*** Opening of Recorded data ***
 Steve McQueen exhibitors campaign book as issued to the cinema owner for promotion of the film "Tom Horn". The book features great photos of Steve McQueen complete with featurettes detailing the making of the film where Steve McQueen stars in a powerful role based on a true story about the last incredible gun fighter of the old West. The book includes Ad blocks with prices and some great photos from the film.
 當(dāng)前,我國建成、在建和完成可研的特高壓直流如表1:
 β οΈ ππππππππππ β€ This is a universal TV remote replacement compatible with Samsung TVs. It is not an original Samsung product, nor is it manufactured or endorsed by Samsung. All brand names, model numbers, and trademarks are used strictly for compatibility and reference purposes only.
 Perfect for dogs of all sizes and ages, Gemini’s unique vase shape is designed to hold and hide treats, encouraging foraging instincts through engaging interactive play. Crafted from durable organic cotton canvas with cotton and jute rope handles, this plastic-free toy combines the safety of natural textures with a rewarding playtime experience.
*** Close of Recorded data ***
*** Opening of Recorded data ***
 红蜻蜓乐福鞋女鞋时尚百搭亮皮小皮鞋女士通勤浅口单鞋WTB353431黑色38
*** Close of Recorded data ***
What is needed is a verbatim copy of every line in the records above from the one containing "Steve McQueen exhibitors" down to the one containing "Perfect for dogs", both included, and nothing more.

 Steve McQueen exhibitors campaign book as issued to the cinema owner for promotion of the film "Tom Horn". The book features great photos of Steve McQueen complete with featurettes detailing the making of the film where Steve McQueen stars in a powerful role based on a true story about the last incredible gun fighter of the old West. The book includes Ad blocks with prices and some great photos from the film.
 當(dāng)前,我國建成、在建和完成可研的特高壓直流如表1:
 β οΈ ππππππππππ β€ This is a universal TV remote replacement compatible with Samsung TVs. It is not an original Samsung product, nor is it manufactured or endorsed by Samsung. All brand names, model numbers, and trademarks are used strictly for compatibility and reference purposes only.
 Perfect for dogs of all sizes and ages, Gemini’s unique vase shape is designed to hold and hide treats, encouraging foraging instincts through engaging interactive play. Crafted from durable organic cotton canvas with cotton and jute rope handles, this plastic-free toy combines the safety of natural textures with a rewarding playtime experience.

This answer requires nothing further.